Eso dio pie a hacer un segundo estudio a los investigadores, que fueron a dos islas alejadas entre sí –unas cuatro horas en barco– y repitieron la prueba impidiendo a los 58 adolescentes participantes que hablaran entre ellos. En esta ocasión no les pedían identificar una emoción aislada solo por la foto, sino que, al modo de Ekman, les contaban una historia, como que a alguien se le acababa de morir el padre, y les solicitaban que señalaran la cara que creían que pondría. Por ejemplo, cuando les contaron una historia en la cual estaba a punto de comenzar una pelea y les preguntaban cuál de las caras les sugería agresión física, en ambas islas casi el 80 % (77% en Kaileuna y 79% en Vatuka) de los participantes eligieron la cara que la Teoría de las Emociones Básicas de Ekman identifica como cara de miedo. Después repitieron la misma prueba en una sociedad occidental de un país industrializado, en este caso con voluntarios similares en sexo y edad del colegio Joyfe de Madrid.
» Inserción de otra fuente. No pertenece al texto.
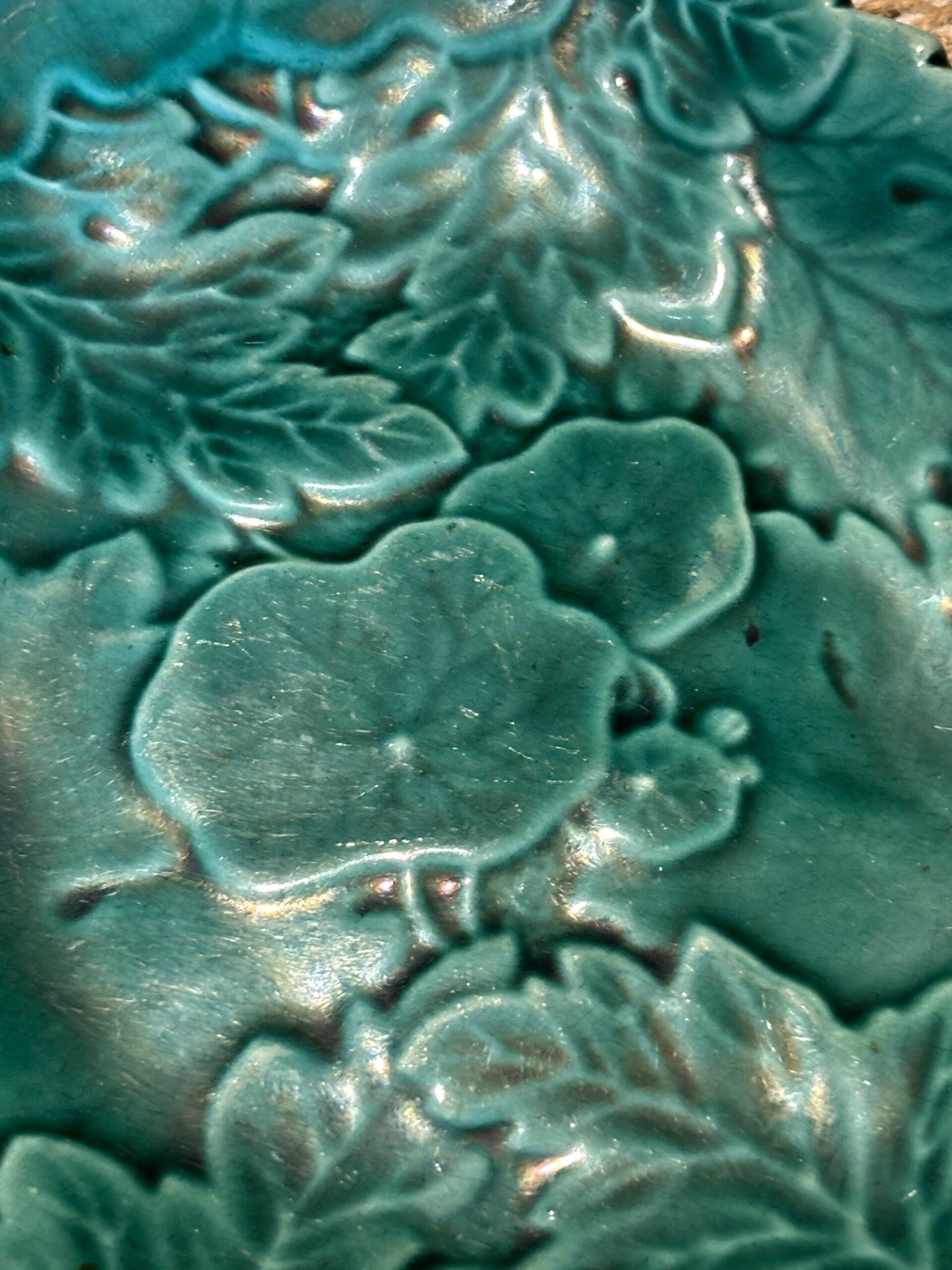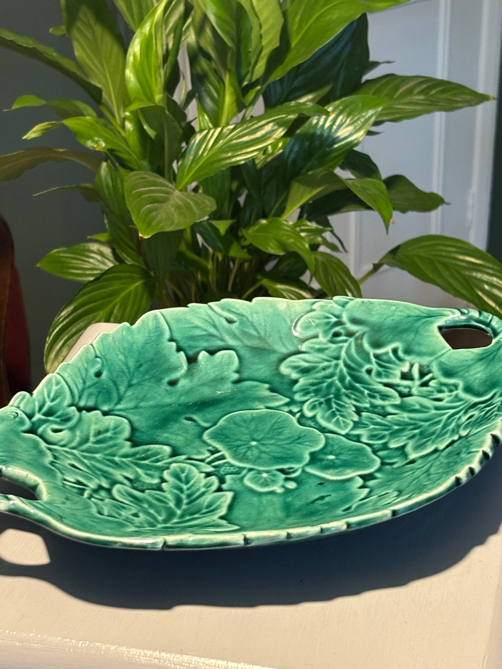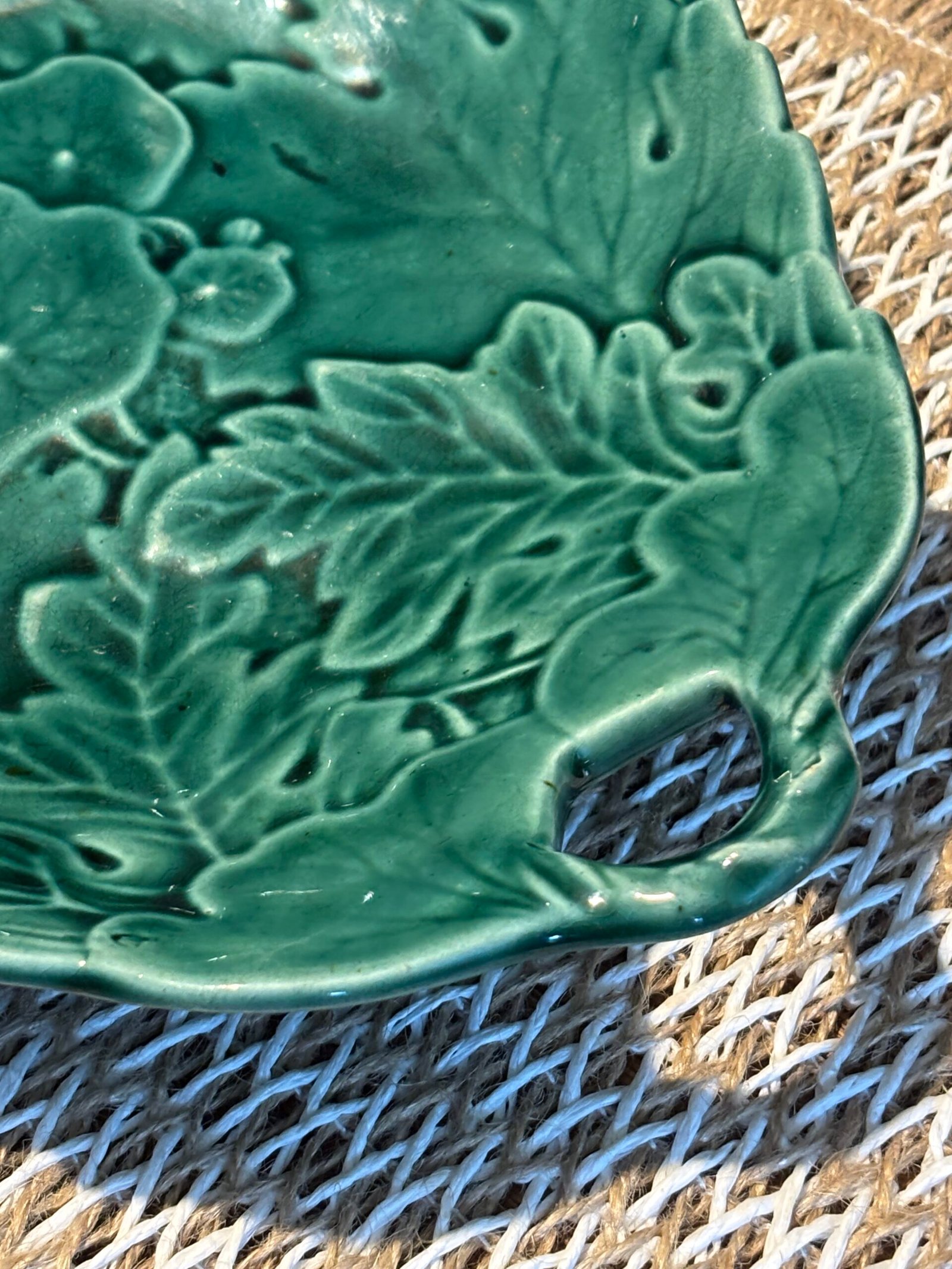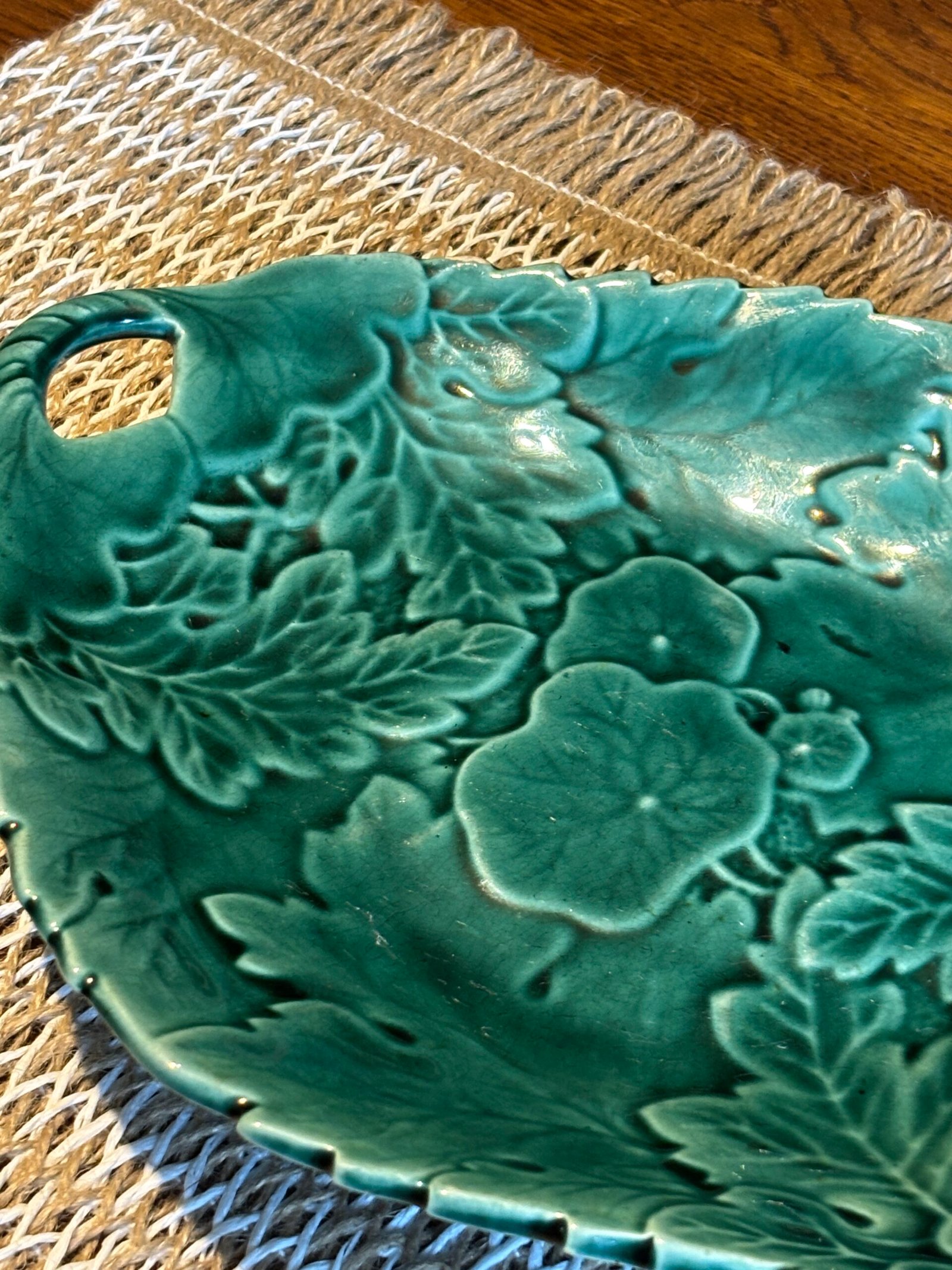 Add a touch of botanical elegance to your home with this stunning vintage Majolica-style serving dish. Featuring an intricate, high-relief design of overlapping geranium and oak leaves, this piece is finished in a rich, vibrant emerald green glaze that catches the light beautifully.

Esta vez un 47 % identificó la cara de enfado/amenaza como la del individuo que les iba a atacar, seguida de la de asco y la neutral, pero casi en ningún caso la del miedo.


Para los investigadores, esto viene a decir que las expresiones faciales no son muestras de estados internos o emociones –que desde el punto de vista evolutivo supondría una desventaja respecto al rival–, sino herramientas que usamos para la interacción social en función del contexto para influir en la conducta de los demás. Por ejemplo, sonreír –una expresión asumida para mostrar alegría– serviría para señalizar en ciertos contextos que la interacción será amistosa, independientemente de que quien sonría sienta alegría o no.